Our healthcare system has a few problems.
It’s not in crisis, but there are some areas we could improve.
There are a number of people without health insurance, perhaps as many as 47 million, or 16% of the US population. It’s not clear whether that can be reduced to zero, or even if it should. Like the unemployment rate, the mobility of American workers will inevitably result in a bit of “friction” in the system.
There is some percentage of the US population which makes a conscious choice NOT to purchase healthcare. That number might be as high as 5%.
However, one of the most obnoxious elements of the healthcare bill now pending in congress has been the proposal to stigmatize, penalize, and forcibly enroll individuals who choose not to buy health insurance.
There’s been a charge that parts of the system are characterized by greed. There are for-profit healthcare providers, and for-profit health insurance companies, and they do seek to make a profit. This is not evil. The proper check on greed is competition, not government regulation.
In fact, it is impossible to eliminate greed by regulation.
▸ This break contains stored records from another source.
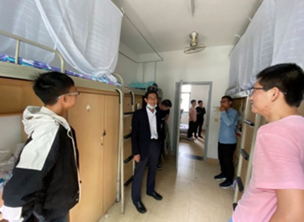 金秋九月,四川大学化工学院又迎来了一批新生。2020年9月22日中午,为进一步了解我院新生住宿和生活情况,加强学院与新生的交流,督促新生维持良好的宿舍环境、营造积极向上的宿舍氛围,引领新生尽快适应新生活新环境,让新生充分感受到我院领导、老师对新同学的关怀,best365中国官方网站党委书记庞国伟、院长赵长生、党委副书记姜利寒、副院长钮大文、化学工程系系主任袁绍军等领导及部分教师代表走访了学生寝室,对2020级新生同学开展慰问。
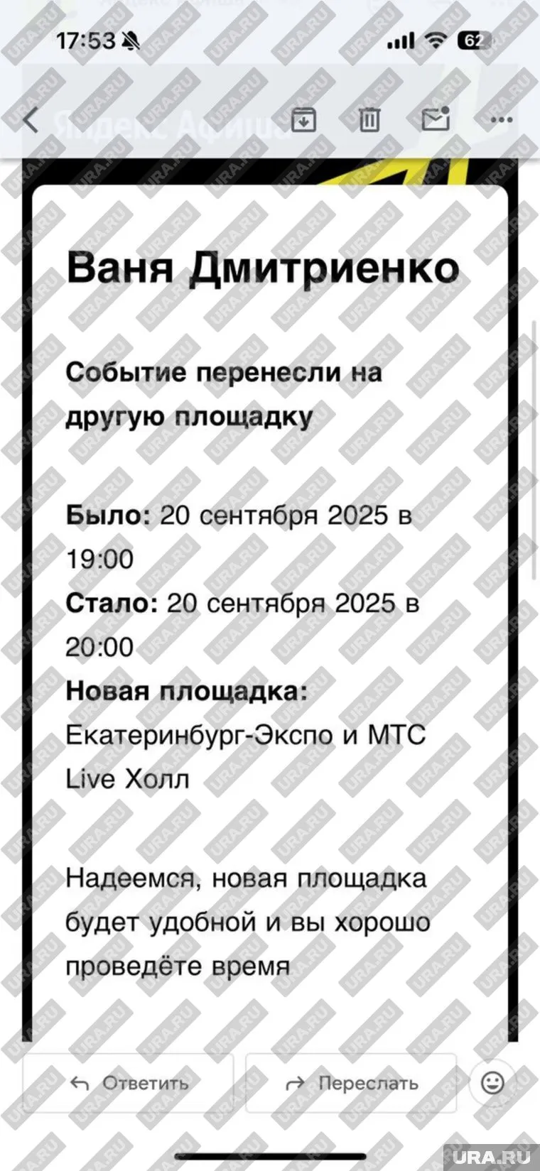 «Событие перенесли на другую площадку — „Екатеринбург-ЭКСПО“ и „МТС Live Холл“. Надеемся, новая площадка будет удобной и вы хорошо проведете время», — говорится в сообщении, которое пришло читателю URA.RU.
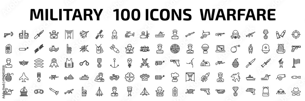 army and war outline icon set. 100 linear vector for ui, web and mobile. thin line gun shooting, two way radio, military knife and more icons. #1960432858
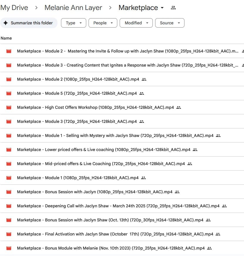 Marketplace is a sales training program by Melanie Ann Layer, founder of the $100 million Alpha Femme brand and pioneer in feminine energetics and business coaching. The program teaches coaches and service providers how to sell with integrity and confidence using feminine magnetism rather than traditional push-based sales tactics. Includes 24 video lessons, 8 PDFs, and 23h 55m 28s of content totaling 13.41 GB.
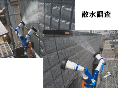 散水調査とは、目視調査で原因だと思われる箇所に、実際に水をかけ雨漏りを再現する調査です。

You can only temper, harness, channel, and control greed by creating a market in which there are incentives for efficiency. In short, the game must be structured so that greed impels competitors to seek to lower costs so they can increase their market share.
President Obama and the Democrats have set out to do just the opposite. They are about to replace a competitive market with a government-monopoly bureaucratic system.
The problems with the health care system are the result of too little competition, too much government regulation, and a structure that lets health care consumers spend other people’s money.
The solution proposed by the President will reduce competition, add government regulation, and allow health care consumers to tap and spend the resources of the federal government rather than their own.
It will make things worse, far worse, if it is adopted.
And the American people are beginning to realize it. Let us hope that Congress figures it out as well before they enact a system that would be a huge mistake that would likely wreck both our economy and the federal budget.